Further, with respect to managed IT Services purchased pursuant to a Quote, the following is a non-exhaustive list of items that are expressly excluded from such IT Services and will be billed to Customer at BassanTech’s current standard rates unless otherwise set forth in the Quote: (i) customization of third party applications, or programming of any kind; (ii) support for operating systems, applications, or hardware no longer supported by the manufacturer; (iii) data/voice wiring or cabling services of any kind; (iv) battery backup replacement; (v) equipment relocation; (vi) hardware replacement cost; (vii) cost to bring the Customer System up to the minimum requirements; (viii) cost of repairs to hardware or any supported equipment or software, or the costs to acquire parts or equipment, or shipping charges of any kind; (ix) project/integration work to increase functionality or capacity; (x) application configuration or network problems caused by line of business applications such as customer accounting, CRM, or ERP software, but reasonable attempts will be made to correct connectivity issues to such applications; and (xi) configuration element (hardware or software) or hosting service in a manner that is not customary at BassanTech, or that is in “end of life” or “end of support” status.

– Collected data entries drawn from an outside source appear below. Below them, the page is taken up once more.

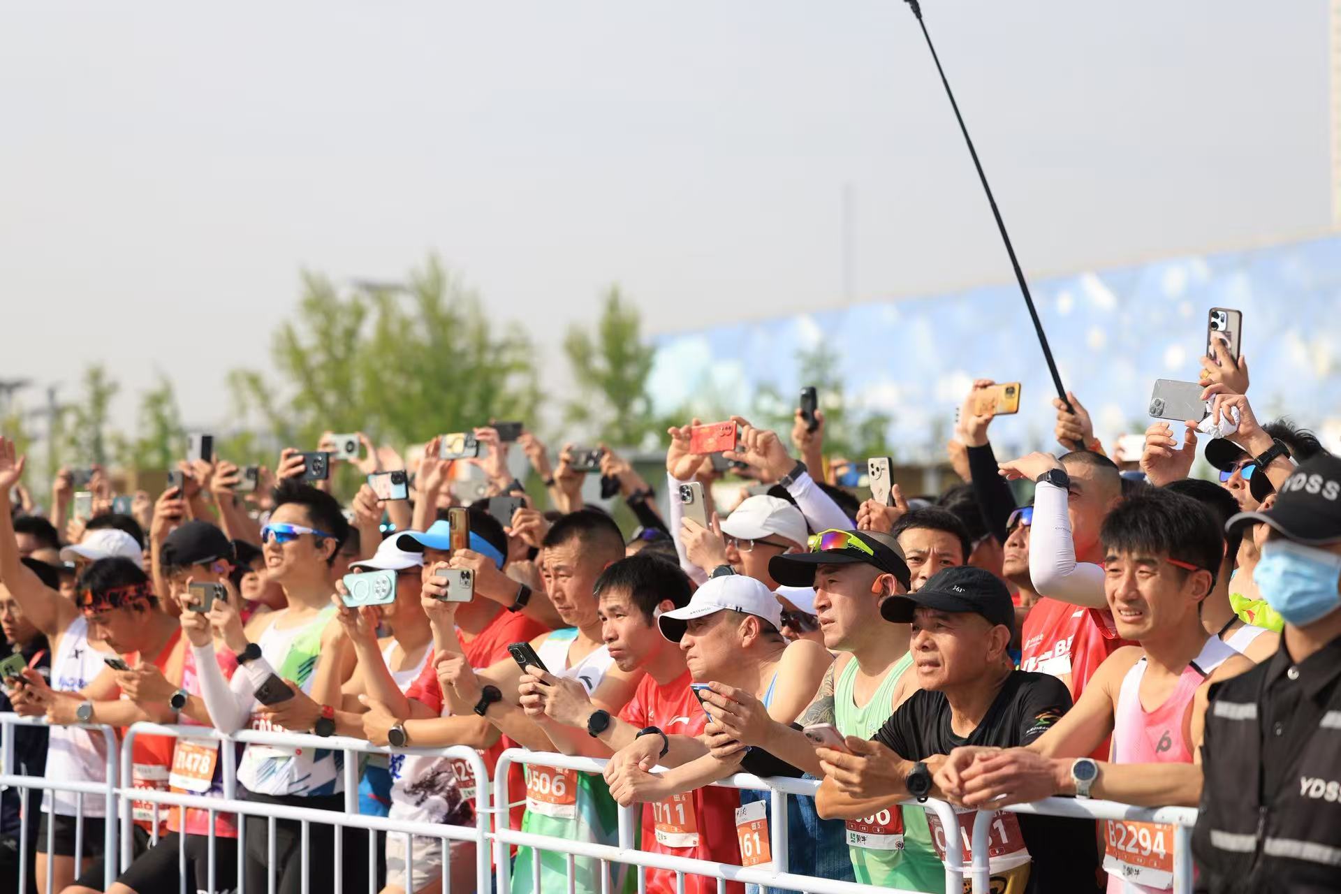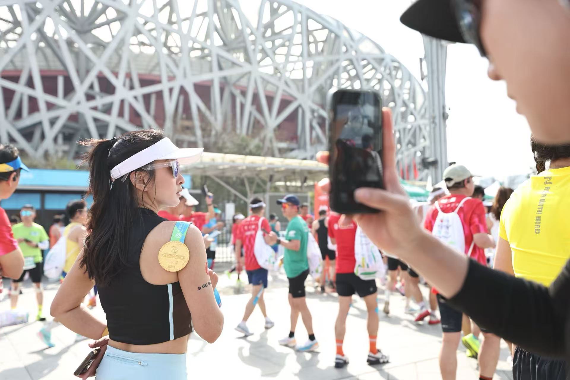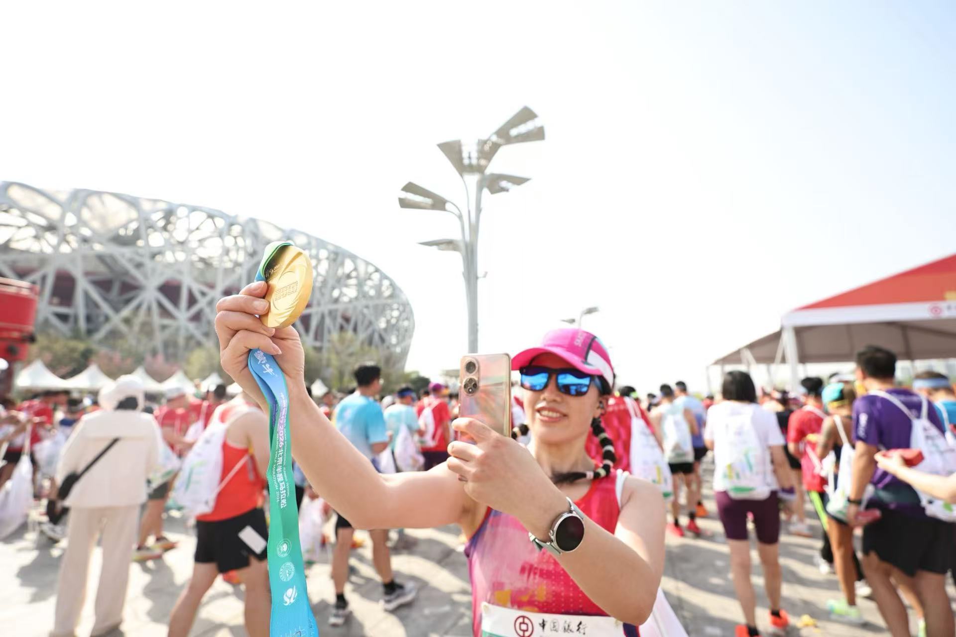 完赛选手拿着奖牌在鸟巢前拍照留念。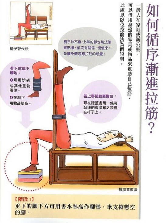 • 筋初步拉緊之後,要靜止不動,靜靜等候筋鬆軟的信號,通常1~2分鐘後,就能感受到筋已經鬆軟了,這時候才可以進一步拉緊(屁股往立板再貼近一些)。請注意!在未收到筋鬆軟的信號前,嚴禁進一步拉緊!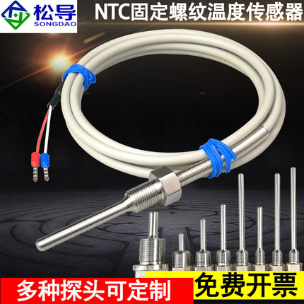 不锈钢防水固定螺纹NTC5K/10K/50K热敏电阻温度传感器优质PVC线缆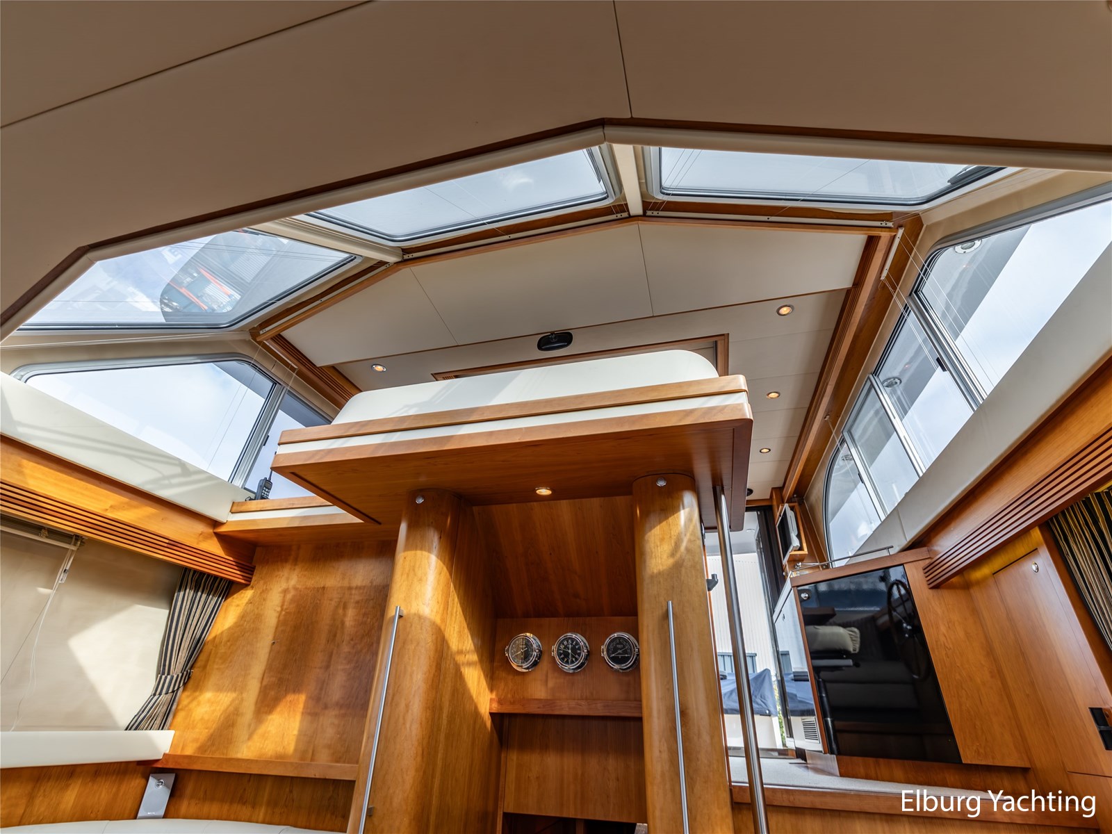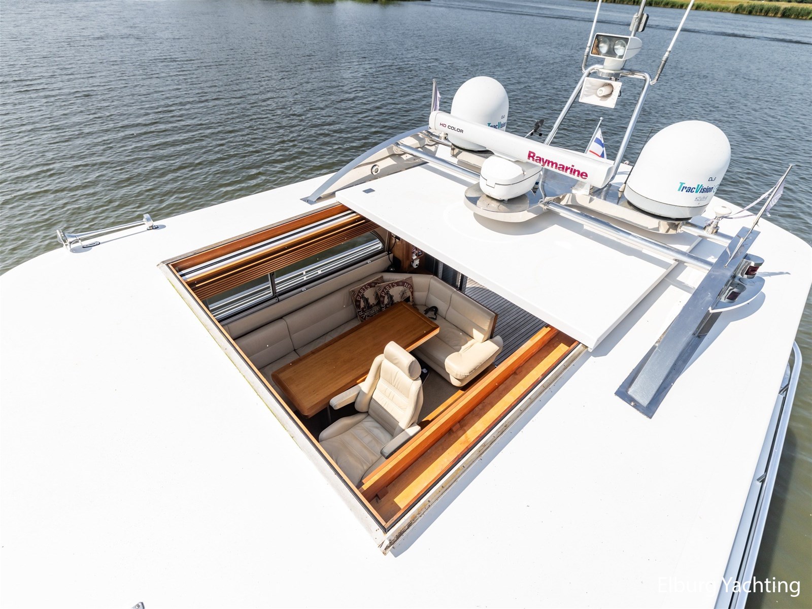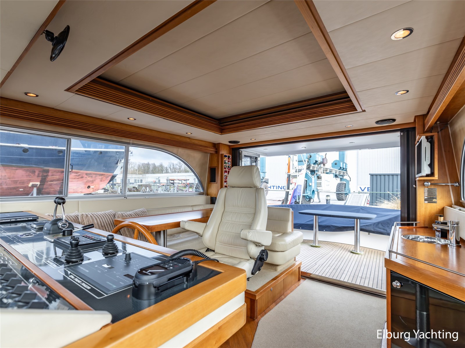 De stuurhut is bovendien zeer compleet uitgerust: onder andere met Autopilot, radar, kaartplotter, camerasysteem, elektrisch zoeklicht, Hydronautica-afstandsbediening voor motor, boeg- en hekschroef, ruitenwissers met intervalstand, marifoon en andere accessoires. Alles is aanwezig voor ontspannen én veilig varen, ongeacht het vaargebied.

(d) Customer expressly understands and acknowledges that BassanTech (i) does not warrant that the Customer System will operate error free or uninterrupted; (ii) will not be responsible for any loss, cost, or damages suffered by or caused to Customer by reason of any casualty loss, external power or internet services provider’s disruptions or lost data resulting from the failure of the internal network, hardware or software systems; (iii) may, at BassanTech’s sole discretion, choose to render the IT Services in person, via telephone or email support or remote support; (iv) shall be acting in the capacity of independent contractor while performing the IT Services and not as an agent or employee of Customer; and (v) will have sole discretion and control in assigning personnel to perform the IT Services.